A segurança jurídica é alcançada através de um processo de resolução de litígios


obrigatório e vinculativo que será suplementado pelo procedimento amigável existente.

Assim o processo será composto por duas fases:

I. Fase do processo amigável, onde um grupo de empresas multinacional


terá a possibilidade de submeter um pedido de processo amigável
(arbitragem) com base nos mecanismos existentes.
II. Se no prazo de dois anos o procedimento não for solucionado, então
inicia-se a fase de resolução de litígios, que durará aproximadamente 390
dias.

Breve conclusão:

Em suma, o pilar 1 apresenta um caminho idêntico ao proposto pela Diretiva sobre a


tributação das sociedades com presença digital significativa, concluindo a Dra. Ana
Paula Dourado que se trata de uma medida que é uma média entre a tributação digital e
a tentativa de alocar os direitos de tributação aos Estados de mercado.
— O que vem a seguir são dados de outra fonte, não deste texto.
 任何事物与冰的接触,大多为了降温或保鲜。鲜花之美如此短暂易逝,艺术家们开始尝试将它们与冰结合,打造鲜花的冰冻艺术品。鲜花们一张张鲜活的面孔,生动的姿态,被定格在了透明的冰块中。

Quanto a opiniões de aplicabilidade a doutrina aponta fortes críticas aos critérios fixos,
sobretudo à fórmula de cálculo do Montante A, alegando que a realidade está em
constante evolução, o que pode não jogar bem com a estática da fórmula a aplicar.
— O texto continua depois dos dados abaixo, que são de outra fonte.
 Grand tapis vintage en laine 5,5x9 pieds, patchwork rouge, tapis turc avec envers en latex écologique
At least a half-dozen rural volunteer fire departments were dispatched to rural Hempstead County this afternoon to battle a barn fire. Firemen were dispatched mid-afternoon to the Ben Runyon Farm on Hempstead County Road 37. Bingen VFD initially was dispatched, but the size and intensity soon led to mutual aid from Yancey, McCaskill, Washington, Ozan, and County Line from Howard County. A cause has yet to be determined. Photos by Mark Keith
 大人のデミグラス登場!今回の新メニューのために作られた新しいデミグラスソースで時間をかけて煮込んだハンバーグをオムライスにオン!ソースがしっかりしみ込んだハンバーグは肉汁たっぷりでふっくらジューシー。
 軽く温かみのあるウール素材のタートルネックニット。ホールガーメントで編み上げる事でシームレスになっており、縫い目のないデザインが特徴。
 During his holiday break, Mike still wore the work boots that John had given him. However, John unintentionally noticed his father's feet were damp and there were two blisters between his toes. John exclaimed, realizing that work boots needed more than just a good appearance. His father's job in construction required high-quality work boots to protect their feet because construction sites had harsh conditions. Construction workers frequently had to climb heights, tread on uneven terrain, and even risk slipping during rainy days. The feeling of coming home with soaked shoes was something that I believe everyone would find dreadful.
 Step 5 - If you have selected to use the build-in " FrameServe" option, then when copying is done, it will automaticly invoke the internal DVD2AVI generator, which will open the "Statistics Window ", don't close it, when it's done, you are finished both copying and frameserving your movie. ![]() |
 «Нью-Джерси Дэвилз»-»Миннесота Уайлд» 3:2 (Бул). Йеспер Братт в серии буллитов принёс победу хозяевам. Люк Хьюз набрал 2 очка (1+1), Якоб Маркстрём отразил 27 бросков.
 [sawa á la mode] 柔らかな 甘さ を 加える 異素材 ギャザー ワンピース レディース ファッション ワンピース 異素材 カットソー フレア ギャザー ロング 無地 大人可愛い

Os conceitos precisam de aprofundamento e trabalho cuidadoso por parte da OCDE, de


forma a garantir o correto entendimento e concordância dos Estados, sob pena de trazer
à colação medidas algo discriminatórias e injustas.
Por outro lado, é preciso haver colaboração dos Estados nesta matéria de criação de
mecanismos alternativos (para os Estados que não recorrem à arbitragem obrigatória,
por exemplo).

A Dra. Ana Paula Dourado considera que se trata de um mecanismo demasiado


complexo, que realça a diferença entre a economia digital e economia tradicional e
acaba por não alocar os direitos tributários aos Estados de mercado propriamente ditos.

Não é bem claro se os Montantes serão aplicados somente e apenas aos serviços digitais
ou se também irão ser aplicáveis aos comércios tradicionais. Parece que a solução mais
sensata passaria pela aplicação a ambas as formas de negócios.

Há ainda opiniões que criticam os rápidos avanços da OCDE: assim entende parte da
comunidade fiscal internacional que o Projeto BEPS, ainda não esteve em
funcionamento tempo suficiente para se perceberem frutos do mesmo, e já temos novas
medidas revolucionárias, criando um sentido de pouca segurança jurídica.